More books by J.D. Vance
None at this time. He’s still very young. Expect more later!
Location Notes
J.D. Vance was born in Middletown, Ohio, a town his family migrated to from Jackson, Kentucky prior to his birth.
Author’s link: J.D. Vance
Wikipedia link: Hillbilly Elegy
The house on the cover wasn’t his house – it was a stock image. Cool though… I thought.
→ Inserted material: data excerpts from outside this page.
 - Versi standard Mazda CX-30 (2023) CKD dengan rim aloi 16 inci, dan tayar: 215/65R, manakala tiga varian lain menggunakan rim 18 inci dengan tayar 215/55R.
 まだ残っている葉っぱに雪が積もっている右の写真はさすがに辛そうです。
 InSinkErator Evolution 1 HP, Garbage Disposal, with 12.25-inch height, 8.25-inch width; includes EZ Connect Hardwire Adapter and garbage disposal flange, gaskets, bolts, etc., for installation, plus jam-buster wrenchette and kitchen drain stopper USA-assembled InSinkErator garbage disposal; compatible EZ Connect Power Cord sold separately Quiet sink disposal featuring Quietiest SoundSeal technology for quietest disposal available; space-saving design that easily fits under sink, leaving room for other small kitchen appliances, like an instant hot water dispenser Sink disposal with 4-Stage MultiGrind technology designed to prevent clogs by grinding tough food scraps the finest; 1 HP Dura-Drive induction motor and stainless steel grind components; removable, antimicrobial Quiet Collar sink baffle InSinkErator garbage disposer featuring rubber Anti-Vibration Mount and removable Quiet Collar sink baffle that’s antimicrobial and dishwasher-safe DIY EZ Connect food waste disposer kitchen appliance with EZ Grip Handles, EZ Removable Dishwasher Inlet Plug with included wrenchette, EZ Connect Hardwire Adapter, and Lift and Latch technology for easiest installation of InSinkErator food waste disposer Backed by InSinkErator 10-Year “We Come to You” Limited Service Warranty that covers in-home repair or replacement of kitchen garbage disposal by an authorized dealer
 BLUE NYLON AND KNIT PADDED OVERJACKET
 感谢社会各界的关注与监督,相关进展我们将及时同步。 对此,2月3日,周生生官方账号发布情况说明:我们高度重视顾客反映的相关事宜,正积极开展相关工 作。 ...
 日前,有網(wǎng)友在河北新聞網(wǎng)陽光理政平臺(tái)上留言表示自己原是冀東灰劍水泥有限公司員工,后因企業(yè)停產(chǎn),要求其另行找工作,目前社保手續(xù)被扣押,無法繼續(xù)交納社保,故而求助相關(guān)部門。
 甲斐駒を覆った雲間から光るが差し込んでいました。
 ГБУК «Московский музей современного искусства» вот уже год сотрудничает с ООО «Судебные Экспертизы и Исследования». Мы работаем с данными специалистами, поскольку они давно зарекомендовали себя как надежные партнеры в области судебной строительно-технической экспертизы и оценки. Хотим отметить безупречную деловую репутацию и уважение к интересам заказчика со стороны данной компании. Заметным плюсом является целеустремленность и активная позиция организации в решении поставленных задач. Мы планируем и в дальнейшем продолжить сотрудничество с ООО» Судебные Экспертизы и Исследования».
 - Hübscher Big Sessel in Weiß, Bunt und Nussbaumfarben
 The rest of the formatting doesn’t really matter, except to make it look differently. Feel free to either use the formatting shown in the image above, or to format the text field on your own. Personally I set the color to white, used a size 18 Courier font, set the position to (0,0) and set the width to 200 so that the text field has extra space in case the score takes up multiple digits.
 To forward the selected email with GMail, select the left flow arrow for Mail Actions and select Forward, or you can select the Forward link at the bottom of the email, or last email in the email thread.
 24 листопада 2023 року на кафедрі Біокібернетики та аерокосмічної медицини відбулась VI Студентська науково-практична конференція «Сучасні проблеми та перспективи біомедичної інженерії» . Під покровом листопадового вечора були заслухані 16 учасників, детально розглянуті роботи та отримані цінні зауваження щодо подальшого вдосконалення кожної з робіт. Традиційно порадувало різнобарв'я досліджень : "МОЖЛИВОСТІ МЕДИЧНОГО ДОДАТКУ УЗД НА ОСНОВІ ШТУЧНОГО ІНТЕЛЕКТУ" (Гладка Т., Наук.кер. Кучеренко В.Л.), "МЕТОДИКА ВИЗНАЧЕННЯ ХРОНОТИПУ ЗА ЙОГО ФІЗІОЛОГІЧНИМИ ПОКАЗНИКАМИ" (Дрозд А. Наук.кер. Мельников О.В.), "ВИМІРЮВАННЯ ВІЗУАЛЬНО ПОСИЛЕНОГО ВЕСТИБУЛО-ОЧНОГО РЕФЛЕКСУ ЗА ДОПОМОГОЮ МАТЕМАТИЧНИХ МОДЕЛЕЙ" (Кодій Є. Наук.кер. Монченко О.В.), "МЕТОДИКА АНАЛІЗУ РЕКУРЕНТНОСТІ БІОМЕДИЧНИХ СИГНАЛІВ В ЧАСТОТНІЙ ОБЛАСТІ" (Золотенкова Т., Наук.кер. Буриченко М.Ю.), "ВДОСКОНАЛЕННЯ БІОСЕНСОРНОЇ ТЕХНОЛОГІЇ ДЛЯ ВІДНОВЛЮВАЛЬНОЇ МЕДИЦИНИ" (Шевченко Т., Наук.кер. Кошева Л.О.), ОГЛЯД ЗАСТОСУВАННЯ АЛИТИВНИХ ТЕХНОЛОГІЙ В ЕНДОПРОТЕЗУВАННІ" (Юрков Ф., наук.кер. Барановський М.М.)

Compare with the house I spent thirteen years living in, from 2000 through 2013:
Do you think we had a little bit of that hillbilly blood showing through? I loved living in this cabin-type house in Happy Camp, in the Klamath River Valley, far-northern California. So sorry I had to leave but my verbally abusive ex-boyfriend was making my life so miserable I needed to move away. I know, I have the same kind of relationship problems J.D.’s mother apparently had. No relationship stability – a very painful way to live. It isn’t fun being compared to the Samaritan woman at the well, or being thought of as a “serial polygamist.” I’m happy to say that two weeks after moving away from that extremely sad situation, I became a Christian for the first time in my life. Idaho is awesome.
Anyhow – back on topic…
If you have a drop of hillbilly blood in you, you’re going to want to read J.D. Vance’s Hillbilly Elegy memoir, if only to correct the errors. (Just kidding.) I didn’t see any errors in the book. It was a great memoir, kept my attention, and only slightly veered into sociology rather than life story. I recommend this book.
Kim Miller says
Interesting review on this story.
I live in an area where there a lot of hillbilly folks.
LJ Martin says
Thanks, Kim. I never considered myself a hillbilly but after researching on Ancestry.com I discovered that some of my relatives, long ago, lived in the Appalachian Mountains or nearby. And I’m definitely predominately Scots-Irish.